VintaSoft Imaging .NET SDK v8.6
In This Topic
    PDF: Remove content from PDF page. Redaction marks.
    In This Topic

    The process of content removal from PDF page should be used for permanent removal of some sensitive information from the document page, for example, for removal some private data before sharing the document with third parties. The functionality can be used also for removal of some selected text.

    Important! After content removal it is necessary to perform packing of PDF document (PdfDocument.Pack), otherwise the removed data could be restored and retrieved!



    Remove content from PDF page programmatically.
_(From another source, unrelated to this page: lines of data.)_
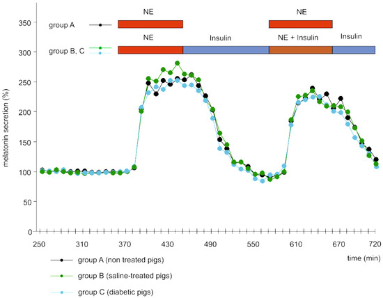 The experiment was performed on three groups of explants. Group A comprised the pineal explants prepared from normal, untreated pigs; group B—the pineal explants of saline-treated, control pigs; and group C—the pineal explants of streptozotocin-treated, diabetic pigs. After 6 h of incubation in the superfusion culture, the explants from all groups were stimulated with 10 μM NE for 90 min. Then, the explants of groups B and C were treated with 10 µM insulin for 120 min, stimulated with 10 µM NE for 90 min in the presence of insulin (10 µM), and again incubated in the medium with insulin. At the same time, the explants from group A were incubated and stimulated with NE in the medium without insulin.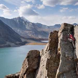 Kosh-agachsky district — Clay Conlon on a new route in the South Chuysky range, Altai Mountains, Siberia, Russia. Myself and three others were in this valley for two weeks with the aim of making a number of first British / ...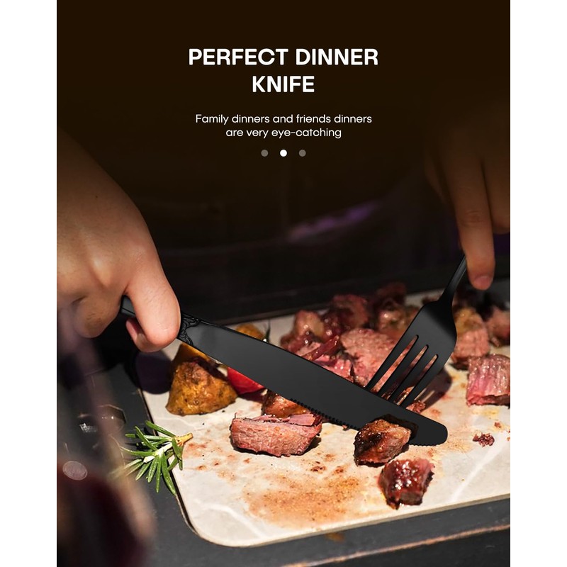 - COMFORTABLE AND ERGONOMIC: Great weight size of eating utensils, our black cutlery has a nice weight and perfect balance to them, not too heavy and not too light. Ergonomic delicate engraving handle well designed to provide good grip for both adults and big children. Moreover, the smooth edges ensure safety and no scratches. If you are looking for a unique and elegant set of silverware, then this set is your best choice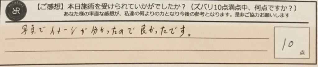 お客様の声「写真でイメージが分かったので良かったです。」ズバリ10点!!

    VintaSoft PDF .NET Plug-in allows to:
    1. Blackout image or image regions on PDF page:
      • Blackout a rectangle on the image-resource or embedded image (PdfImageResource.ClearRect).
      • Blackout a graphical path on the image-resource or embedded image (PdfImageResource.ClearPath).
      • Blackout image regions on PDF page (PdfPage.ClearImages).
      • Blackout an image without changing parameters of image compression.
      • Blackout image-resources and embedded images.

    2. Remove text from PDF page:
      • Remove the specified text from PDF page (PdfPage.RemoveText).
      • Remove text from the specified regions of PDF page (PdfPage.RemoveText).
      • Text removal algorithm saves formatting of the surrounding text.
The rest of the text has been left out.